▸ RECORDS PROVIDED

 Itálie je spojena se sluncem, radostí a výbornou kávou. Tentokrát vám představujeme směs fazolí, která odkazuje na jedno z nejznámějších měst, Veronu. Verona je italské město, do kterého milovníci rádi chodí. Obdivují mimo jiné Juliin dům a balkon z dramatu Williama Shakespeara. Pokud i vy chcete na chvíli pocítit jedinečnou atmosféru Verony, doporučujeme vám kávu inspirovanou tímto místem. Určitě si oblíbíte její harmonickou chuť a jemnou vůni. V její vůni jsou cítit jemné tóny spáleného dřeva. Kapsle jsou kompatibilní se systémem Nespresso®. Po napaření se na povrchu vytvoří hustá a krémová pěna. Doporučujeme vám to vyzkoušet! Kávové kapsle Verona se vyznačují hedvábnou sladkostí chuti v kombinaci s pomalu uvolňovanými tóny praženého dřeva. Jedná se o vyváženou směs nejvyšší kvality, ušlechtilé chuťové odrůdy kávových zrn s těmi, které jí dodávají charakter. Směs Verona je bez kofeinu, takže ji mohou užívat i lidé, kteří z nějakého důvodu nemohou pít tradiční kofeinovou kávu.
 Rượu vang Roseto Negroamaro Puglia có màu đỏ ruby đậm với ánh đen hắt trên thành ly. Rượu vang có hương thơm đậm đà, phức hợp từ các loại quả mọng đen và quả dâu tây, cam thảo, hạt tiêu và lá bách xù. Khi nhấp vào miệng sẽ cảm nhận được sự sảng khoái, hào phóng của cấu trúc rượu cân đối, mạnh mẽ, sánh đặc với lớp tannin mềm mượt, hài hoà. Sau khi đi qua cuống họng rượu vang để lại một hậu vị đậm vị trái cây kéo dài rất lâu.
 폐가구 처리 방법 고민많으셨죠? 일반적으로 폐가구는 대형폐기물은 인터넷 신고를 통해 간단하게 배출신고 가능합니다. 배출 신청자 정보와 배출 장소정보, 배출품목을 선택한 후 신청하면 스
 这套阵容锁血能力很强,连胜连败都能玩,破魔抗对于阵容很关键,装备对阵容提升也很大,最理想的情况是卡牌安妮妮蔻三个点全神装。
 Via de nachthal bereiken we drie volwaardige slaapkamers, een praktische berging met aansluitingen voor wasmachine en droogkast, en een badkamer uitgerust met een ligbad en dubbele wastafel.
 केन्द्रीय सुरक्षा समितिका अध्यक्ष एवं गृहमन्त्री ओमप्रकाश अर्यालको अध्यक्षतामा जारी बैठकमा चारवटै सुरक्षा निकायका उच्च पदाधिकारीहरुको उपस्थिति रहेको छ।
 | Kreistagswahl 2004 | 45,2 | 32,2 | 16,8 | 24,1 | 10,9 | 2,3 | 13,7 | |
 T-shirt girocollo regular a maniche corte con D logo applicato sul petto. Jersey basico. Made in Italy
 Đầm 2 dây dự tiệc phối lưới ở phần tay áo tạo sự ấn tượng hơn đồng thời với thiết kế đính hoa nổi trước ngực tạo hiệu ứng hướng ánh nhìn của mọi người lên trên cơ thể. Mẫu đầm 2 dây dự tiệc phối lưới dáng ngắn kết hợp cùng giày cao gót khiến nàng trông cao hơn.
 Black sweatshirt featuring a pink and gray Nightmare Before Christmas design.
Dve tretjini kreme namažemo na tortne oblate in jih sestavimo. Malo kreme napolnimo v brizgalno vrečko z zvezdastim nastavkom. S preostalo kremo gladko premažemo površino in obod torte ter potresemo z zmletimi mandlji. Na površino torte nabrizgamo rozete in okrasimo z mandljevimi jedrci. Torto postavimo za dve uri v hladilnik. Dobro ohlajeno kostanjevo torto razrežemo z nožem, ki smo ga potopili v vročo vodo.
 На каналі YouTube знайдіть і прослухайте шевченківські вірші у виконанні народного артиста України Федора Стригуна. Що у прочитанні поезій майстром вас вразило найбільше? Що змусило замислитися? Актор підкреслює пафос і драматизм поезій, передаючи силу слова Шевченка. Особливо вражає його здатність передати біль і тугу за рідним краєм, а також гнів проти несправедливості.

▸ WHAT IS NEEDED
Write out every record verbatim.

▸ TASK RESPONSE
 Itálie je spojena se sluncem, radostí a výbornou kávou. Tentokrát vám představujeme směs fazolí, která odkazuje na jedno z nejznámějších měst, Veronu. Verona je italské město, do kterého milovníci rádi chodí. Obdivují mimo jiné Juliin dům a balkon z dramatu Williama Shakespeara. Pokud i vy chcete na chvíli pocítit jedinečnou atmosféru Verony, doporučujeme vám kávu inspirovanou tímto místem. Určitě si oblíbíte její harmonickou chuť a jemnou vůni. V její vůni jsou cítit jemné tóny spáleného dřeva. Kapsle jsou kompatibilní se systémem Nespresso®. Po napaření se na povrchu vytvoří hustá a krémová pěna. Doporučujeme vám to vyzkoušet! Kávové kapsle Verona se vyznačují hedvábnou sladkostí chuti v kombinaci s pomalu uvolňovanými tóny praženého dřeva. Jedná se o vyváženou směs nejvyšší kvality, ušlechtilé chuťové odrůdy kávových zrn s těmi, které jí dodávají charakter. Směs Verona je bez kofeinu, takže ji mohou užívat i lidé, kteří z nějakého důvodu nemohou pít tradiční kofeinovou kávu.
 Rượu vang Roseto Negroamaro Puglia có màu đỏ ruby đậm với ánh đen hắt trên thành ly. Rượu vang có hương thơm đậm đà, phức hợp từ các loại quả mọng đen và quả dâu tây, cam thảo, hạt tiêu và lá bách xù. Khi nhấp vào miệng sẽ cảm nhận được sự sảng khoái, hào phóng của cấu trúc rượu cân đối, mạnh mẽ, sánh đặc với lớp tannin mềm mượt, hài hoà. Sau khi đi qua cuống họng rượu vang để lại một hậu vị đậm vị trái cây kéo dài rất lâu.
 폐가구 처리 방법 고민많으셨죠? 일반적으로 폐가구는 대형폐기물은 인터넷 신고를 통해 간단하게 배출신고 가능합니다. 배출 신청자 정보와 배출 장소정보, 배출품목을 선택한 후 신청하면 스
 这套阵容锁血能力很强,连胜连败都能玩,破魔抗对于阵容很关键,装备对阵容提升也很大,最理想的情况是卡牌安妮妮蔻三个点全神装。
 Via de nachthal bereiken we drie volwaardige slaapkamers, een praktische berging met aansluitingen voor wasmachine en droogkast, en een badkamer uitgerust met een ligbad en dubbele wastafel.
 केन्द्रीय सुरक्षा समितिका अध्यक्ष एवं गृहमन्त्री ओमप्रकाश अर्यालको अध्यक्षतामा जारी बैठकमा चारवटै सुरक्षा निकायका उच्च पदाधिकारीहरुको उपस्थिति रहेको छ।
 | Kreistagswahl 2004 | 45,2 | 32,2 | 16,8 | 24,1 | 10,9 | 2,3 | 13,7 | |
 T-shirt girocollo regular a maniche corte con D logo applicato sul petto. Jersey basico. Made in Italy
 Đầm 2 dây dự tiệc phối lưới ở phần tay áo tạo sự ấn tượng hơn đồng thời với thiết kế đính hoa nổi trước ngực tạo hiệu ứng hướng ánh nhìn của mọi người lên trên cơ thể. Mẫu đầm 2 dây dự tiệc phối lưới dáng ngắn kết hợp cùng giày cao gót khiến nàng trông cao hơn.
 Black sweatshirt featuring a pink and gray Nightmare Before Christmas design.
Dve tretjini kreme namažemo na tortne oblate in jih sestavimo. Malo kreme napolnimo v brizgalno vrečko z zvezdastim nastavkom. S preostalo kremo gladko premažemo površino in obod torte ter potresemo z zmletimi mandlji. Na površino torte nabrizgamo rozete in okrasimo z mandljevimi jedrci. Torto postavimo za dve uri v hladilnik. Dobro ohlajeno kostanjevo torto razrežemo z nožem, ki smo ga potopili v vročo vodo.
 На каналі YouTube знайдіть і прослухайте шевченківські вірші у виконанні народного артиста України Федора Стригуна. Що у прочитанні поезій майстром вас вразило найбільше? Що змусило замислитися? Актор підкреслює пафос і драматизм поезій, передаючи силу слова Шевченка. Особливо вражає його здатність передати біль і тугу за рідним краєм, а також гнів проти несправедливості.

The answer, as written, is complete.